O procurador-geral da República, Paulo Gonet, enviou nesta quarta-feira (29) um pedido formal ao Supremo Tribunal Federalista (STF) para que o governador do Rio de Janeiro, Cláudio Castro (PL), apresente um relatório detalhado sobre a megaoperação policial realizada nos complexos do Boche e da Penha, que deixou mais de 100 mortos, incluindo quatro policiais.
A solicitação atende a uma lei do ministro Alexandre de Moraes, que havia exigido sintoma da PGR no contexto da Arguição de Descumprimento de Preceito Fundamental (ADPF) 635, conhecida porquê “ADPF das Favelas”, que impõe limites às ações policiais em comunidades do Rio.
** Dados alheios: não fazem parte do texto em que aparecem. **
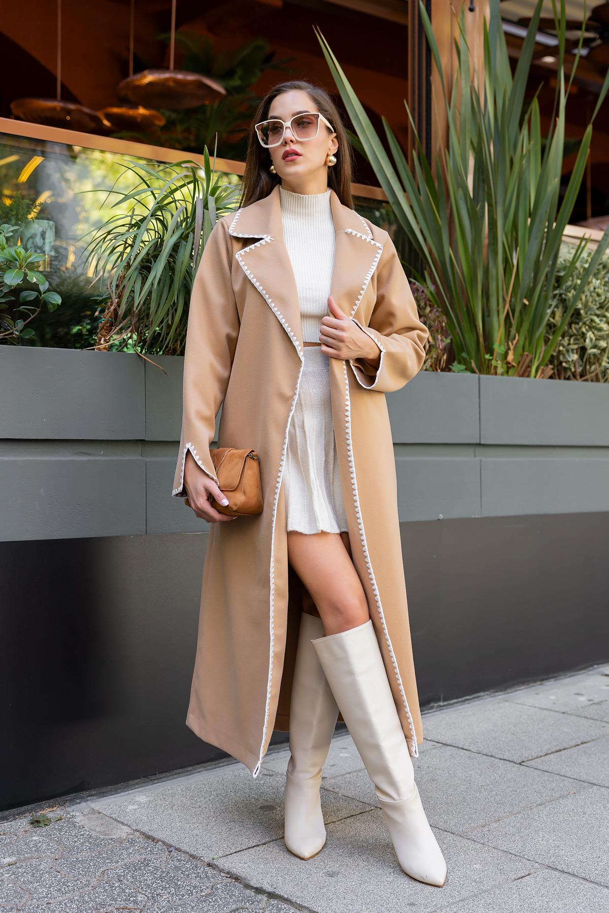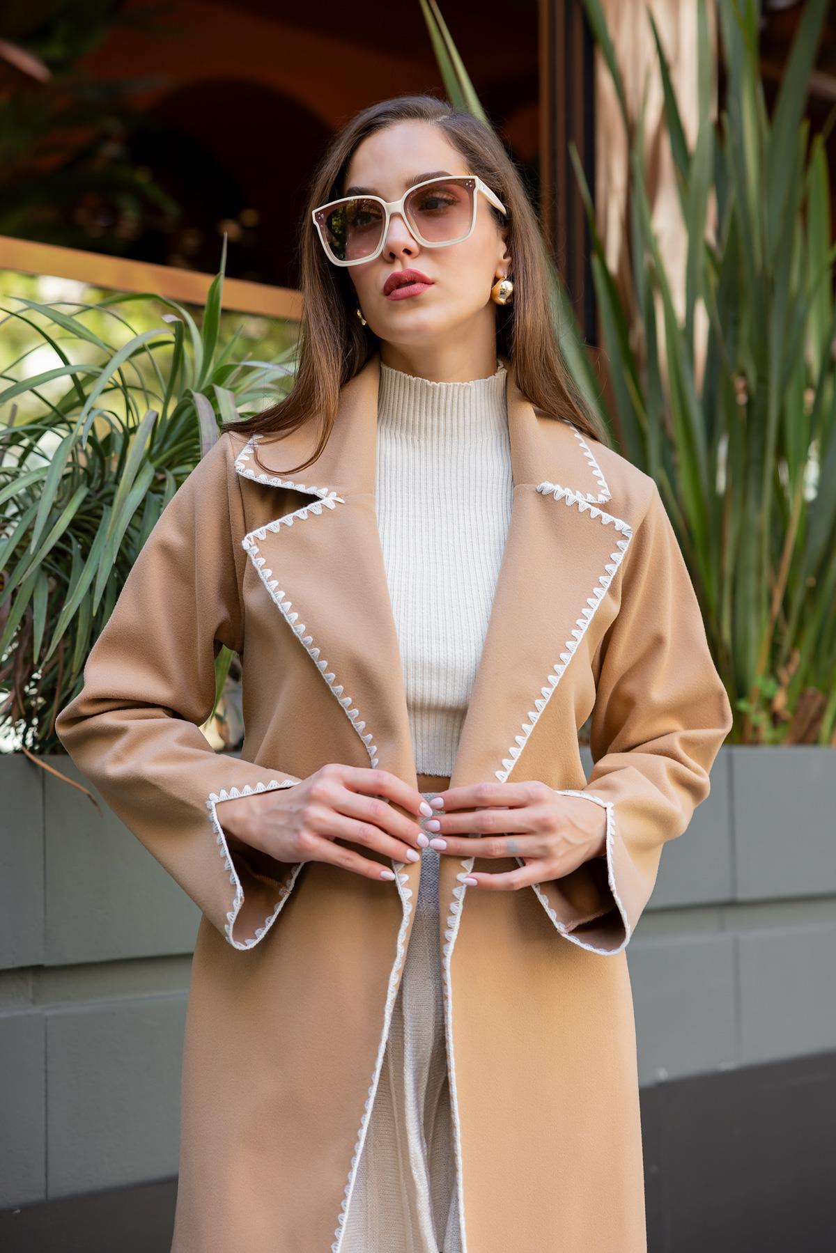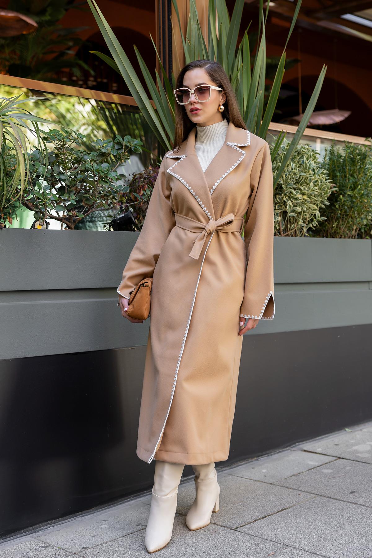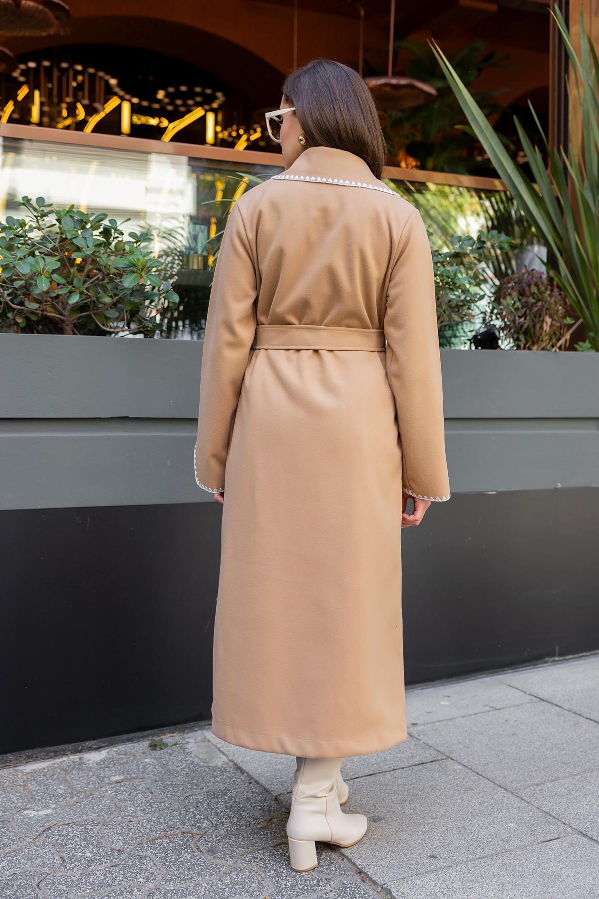 Ürün 36-40 bedene kadar uyumlu, kol yaka ve ön kısmı nakış desenli, kuşaklı, astarsız, kaşe, kaban olarak tasarlanmıştır.

Requisições e foco da apuração
No parecer guiado ao STF, Gonet reforçou as mesmas exigências feitas pelo Juízo Pátrio do Ministério Público (CNMP), que monitora o cumprimento da decisão da Galanteio sobre a redução da obituário policial no estado.
O procurador-geral listou uma série de informações obrigatórias que o governo fluminense deverá entregar, incluindo:
Relatório completo da operação, com planejamento e justificativas formais para o uso da força;
Número totalidade de policiais envolvidos e tipos de armamentos empregados;
Dados oficiais sobre mortos, feridos e detidos;
Medidas disciplinares, caso sejam constatados abusos;
Ações de assistência às vítimas e familiares.
Gonet também mencionou que o relatório deve contemplar as circunstâncias específicas que levaram à deflagração da operação, além de eventuais protocolos adotados para preservar a integridade da população social.
Direitos humanos e fiscalização
Em um dos trechos do documento, o procurador-geral declarou concordar com as observações apresentadas pelo Juízo Pátrio de Direitos Humanos (CNDH), que participa do processo porquê amicus curiae.
O CNDH defende a adoção de “medidas complementares e urgentes de monitoramento e fiscalização” quanto ao cumprimento das determinações da ADPF 635, “em peculiar diante de mais um incidente de obituário policial ocorrido no estado do Rio de Janeiro”.
Gonet ponderou, todavia, que o recomendação não especificou quais medidas deveriam ser adotadas, e que novas ações só poderão ser avaliadas em seguida a chegada das respostas do governo estadual.
“Decerto que medidas complementares poderão ser cogitadas a partir da compreensão mais precisa dos fatos que as informações haverão de propiciar”, escreveu o procurador-geral.
Contexto da operação
A megaoperação, deflagrada na terça-feira (28), mobilizou 2,5 milénio agentes das forças de segurança estaduais e federais. O confronto resultou em 64 mortes confirmadas inicialmente, número que aumentou com as atualizações de órgãos locais, e 81 prisões. O governo do Rio alega que o Ministério Público acompanhou todo o planejamento e que “todas as regras da ADPF foram cumpridas”.
Enquanto o Palácio Guanabara defende a legitimidade da ação, entidades de direitos humanos e setores do Supremo apontam indícios de violações e cobram maior transparência nas operações em áreas densamente povoadas.